Iron Maiden chronology
| No Prayer for the Dying (1990) | Fear of the Dark (1992) | A Real Live One (1993) |

Singles from Fear of the Dark
- "Be Quick or Be Dead" Released: 13 April 1992; "From Here to Eternity" Released: 29 June 1992; "Wasting Love" Released: 1 September 1992;

= Fear of the Dark (Iron Maiden album) =

Fear of the Dark is the ninth studio album by English heavy metal band Iron Maiden.
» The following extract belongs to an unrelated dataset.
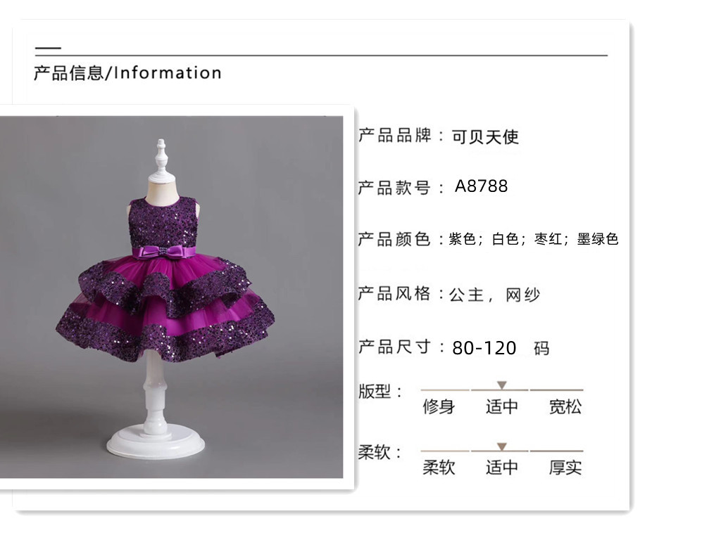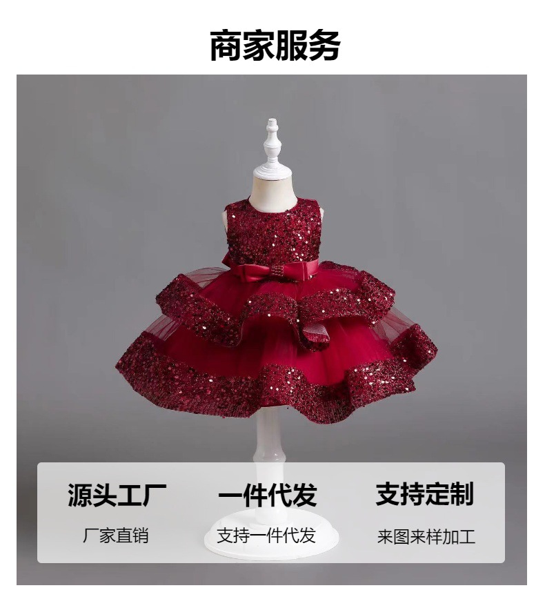 Трансграничное детское летнее детское платье Принцесса юбка с блестками Детское детское платье высокого класса День рождения банкетный платье

Released on 11 May 1992, it was their third studio release to top the UK Albums Chart, and the last to feature Bruce Dickinson as the group's lead vocalist until his return in 1999. It was also the first album to be produced by bassist and band founder Steve Harris, and the last album to feature the work of producer Martin Birch.

==History==
After recording its predecessor (1990's No Prayer for the Dying) in a barn on Steve Harris' property with the Rolling Stones Mobile Studio, leading to negative results, for this album Harris had the building converted into a proper studio (christened "Barnyard"). Bruce Dickinson describes the results as "a slight improvement because Martin [Birch] came in and supervised the sound. But there were big limitations on that studio – simply because of its physical size, things like that. [It] actually ended up not too bad, but, you know, a little bit under par."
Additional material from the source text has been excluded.